Task to complete - Starting at the first line of the data and ending at the line with "相似的结果在其他云计算厂商也", copy each line exactly. Include both of those lines, but no pictures.

-------- Data supplied

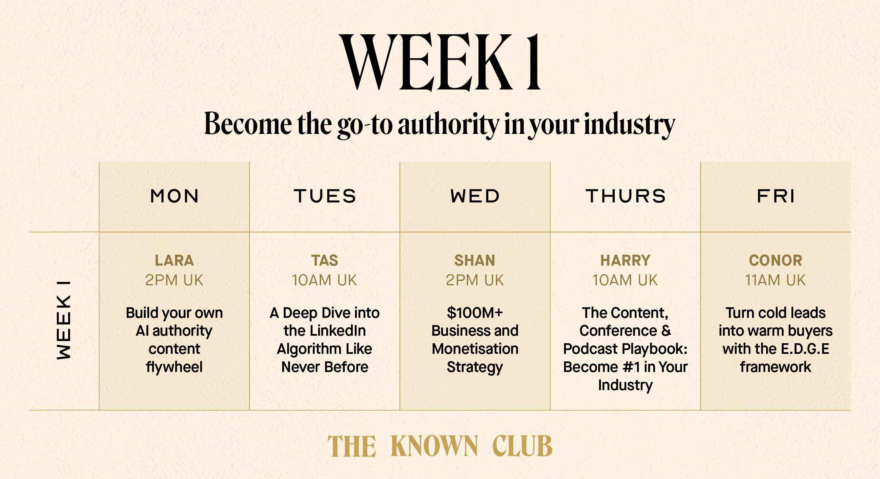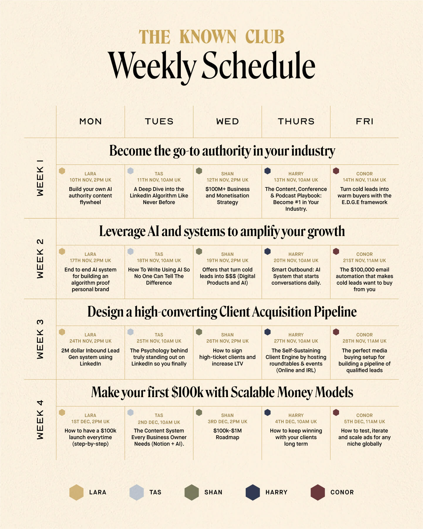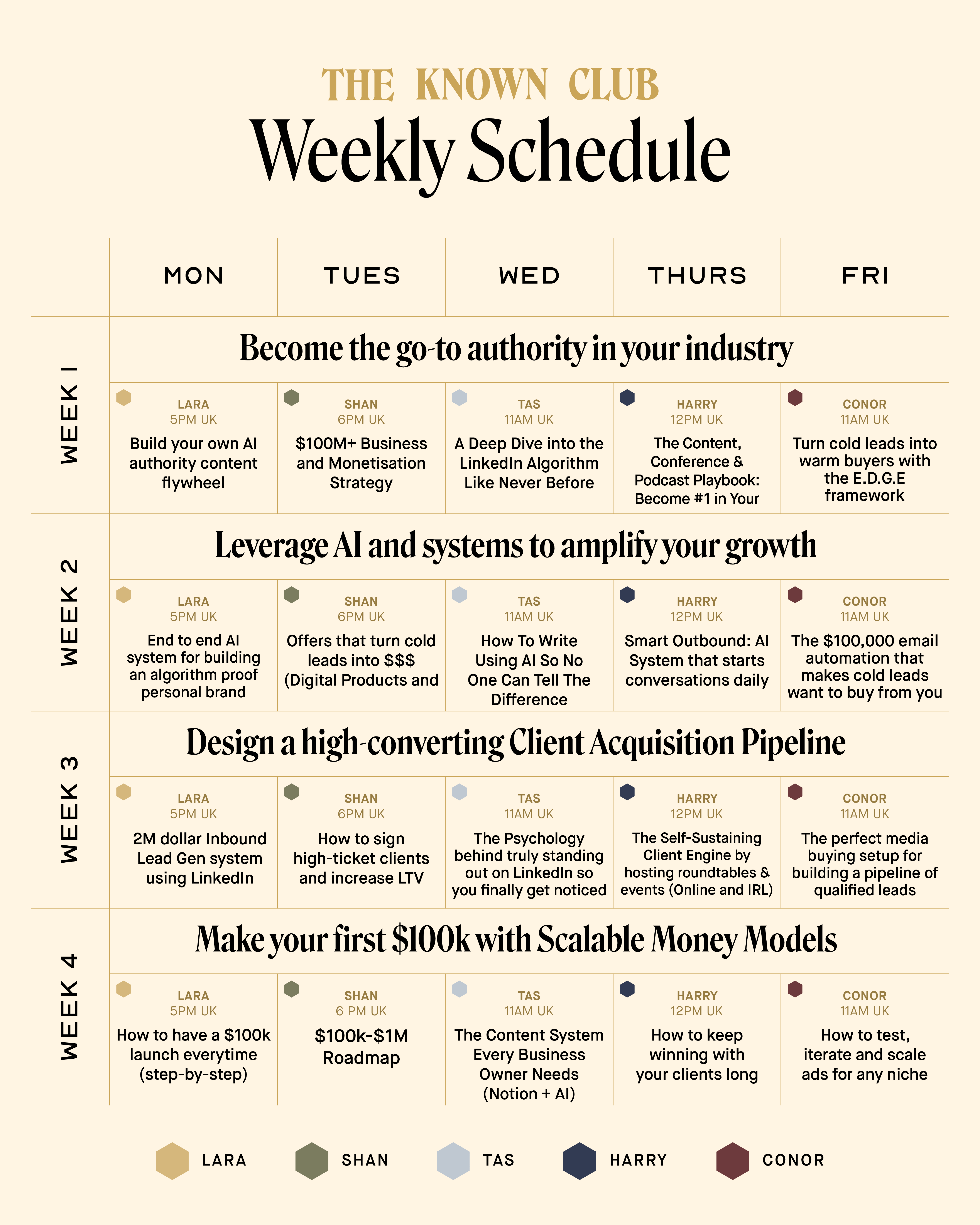 5 calls per week. 20 calls over 4 weeks. You'll leave knowing exactly how to position, attract and scale your personal brand in record time - with AI doing the heavy lifting for you.
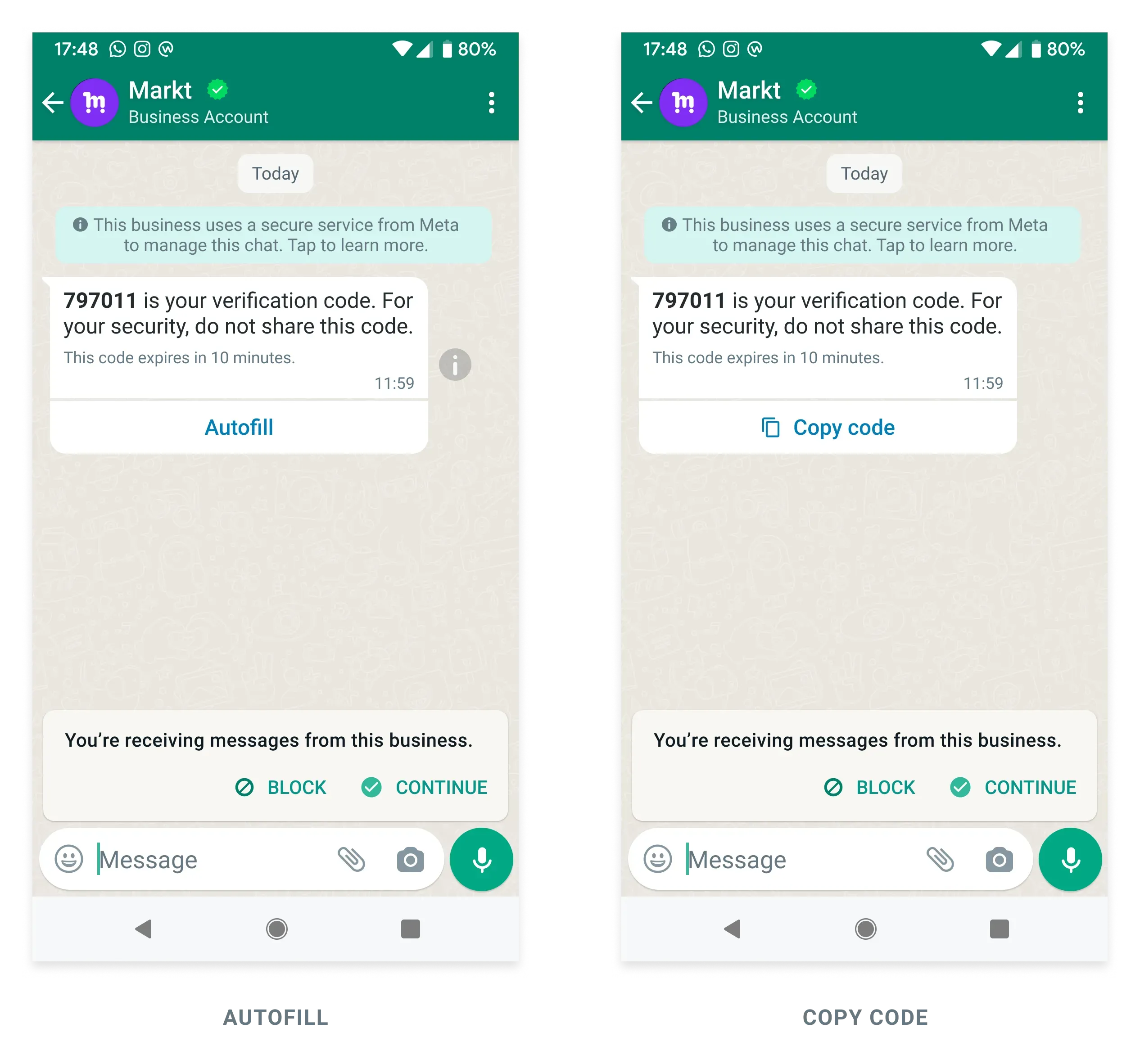 当 WhatsApp 用户点击复制代码按钮时,WhatsApp 客户端会将密码或代码复制到设备的剪贴板。然后,用户可以切换到您的应用并将密码或代码粘贴到您的应用中。
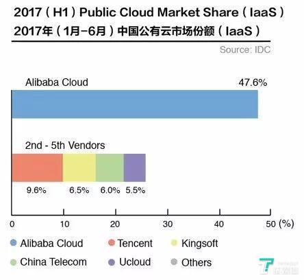 相似的结果在其他云计算厂商也有发生,金山云由2017年的排名第三,但2018年却被中国电信和AWS反超,排名第五,份额从6.5%降至4.5%。就连排名第一的阿里云,份额也由2017年的47.6%跌至43%。另一方面,除了腾讯云份额增加,百度云、微软Azure、华为云也从2017年的“其他”列表纵身跃至前台。
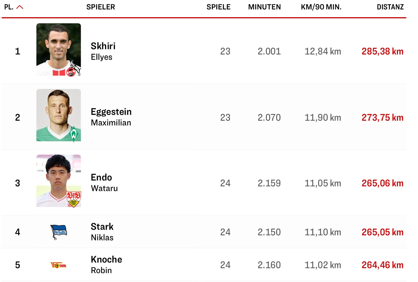 *игрок – кол-во игр – кол-во минут – в среднем км за 90 мин – всего км
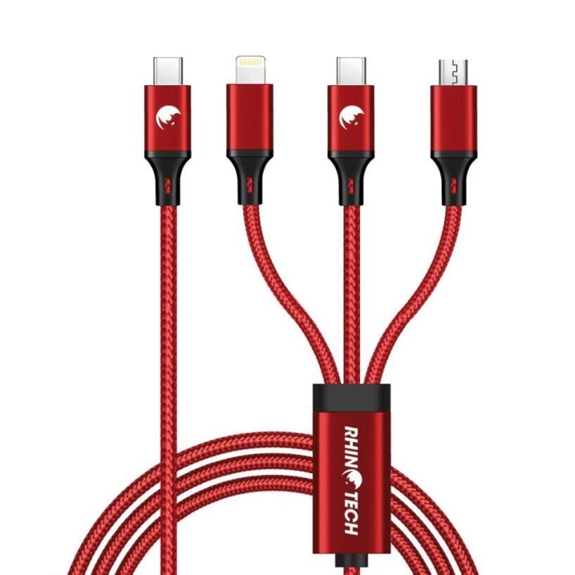 RTACC478 - RhinoTech nabíjecí a datový kabel 3v1 USB-C (MicroUSB + Lightning + USB-C) 40W 1,2m červená
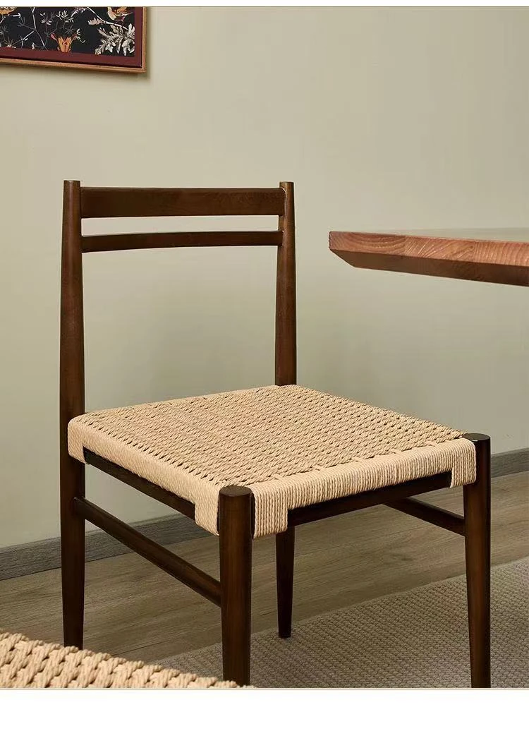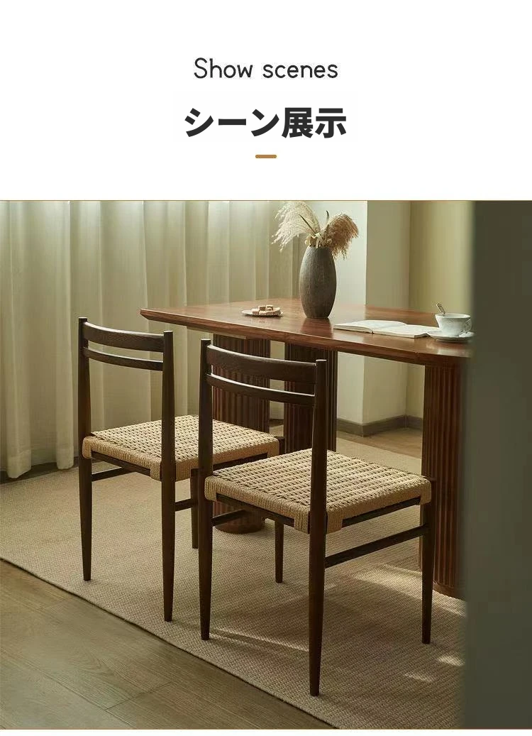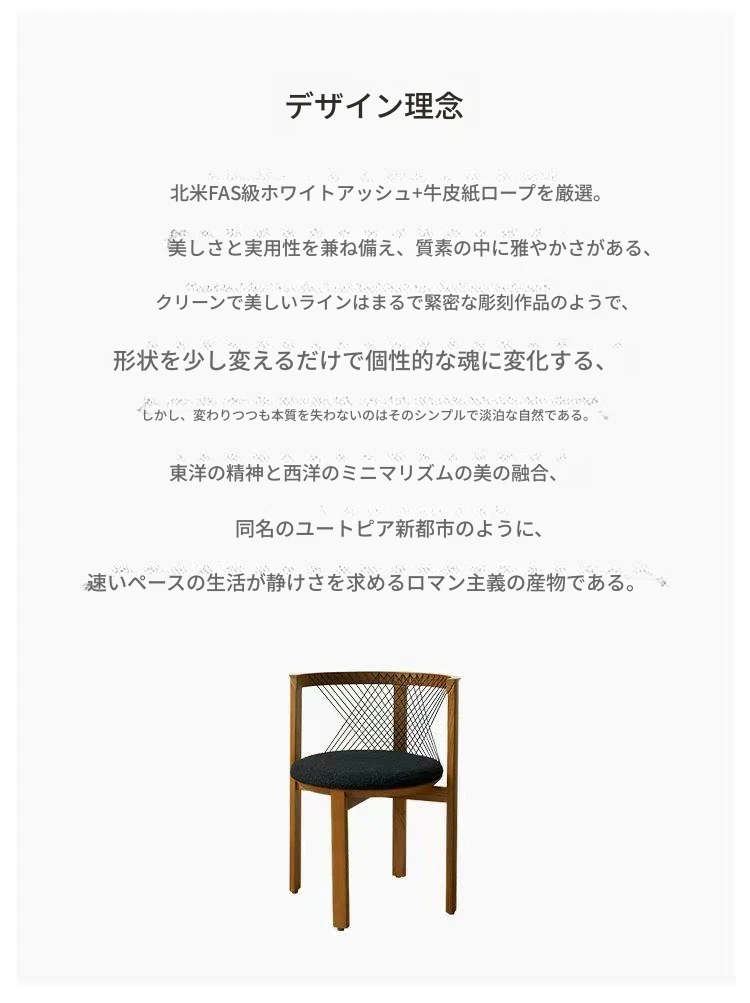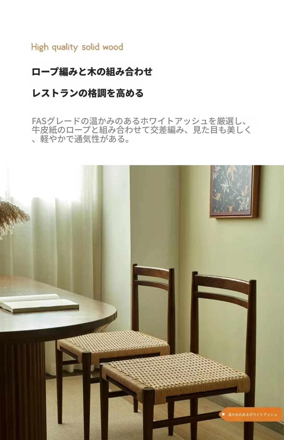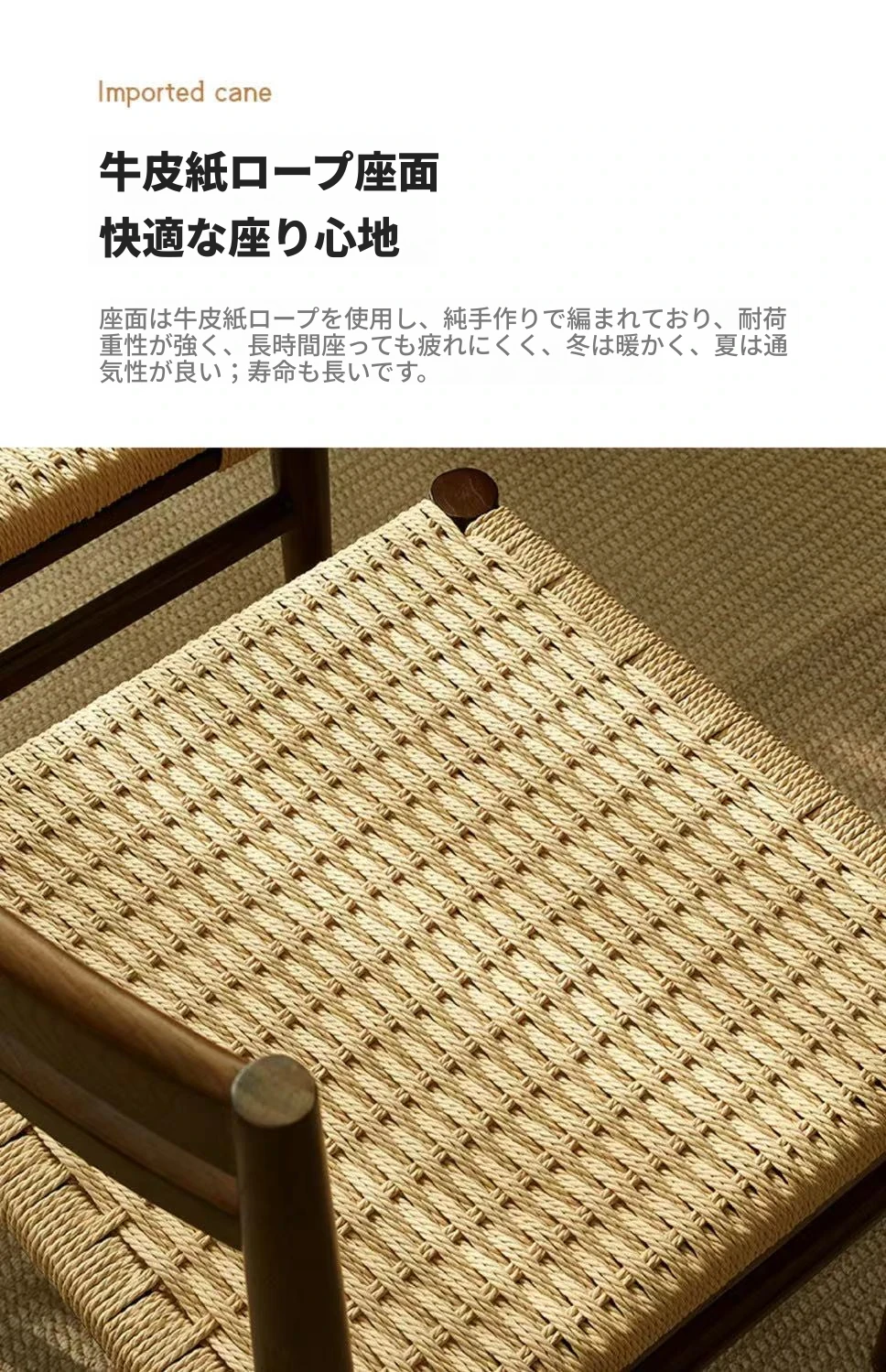 北欧スタイルのモダンでシンプルなロープ編みスツール - 無垢材使用、侘寂の美を感じる屋外用ダイニングチェア。洗練されたデザインで、心地よいひとときを提供します。

----------------

Solution for this exercise -
 5 calls per week. 20 calls over 4 weeks. You'll leave knowing exactly how to position, attract and scale your personal brand in record time - with AI doing the heavy lifting for you.
 当 WhatsApp 用户点击复制代码按钮时,WhatsApp 客户端会将密码或代码复制到设备的剪贴板。然后,用户可以切换到您的应用并将密码或代码粘贴到您的应用中。
 相似的结果在其他云计算厂商也有发生,金山云由2017年的排名第三,但2018年却被中国电信和AWS反超,排名第五,份额从6.5%降至4.5%。就连排名第一的阿里云,份额也由2017年的47.6%跌至43%。另一方面,除了腾讯云份额增加,百度云、微软Azure、华为云也从2017年的“其他”列表纵身跃至前台。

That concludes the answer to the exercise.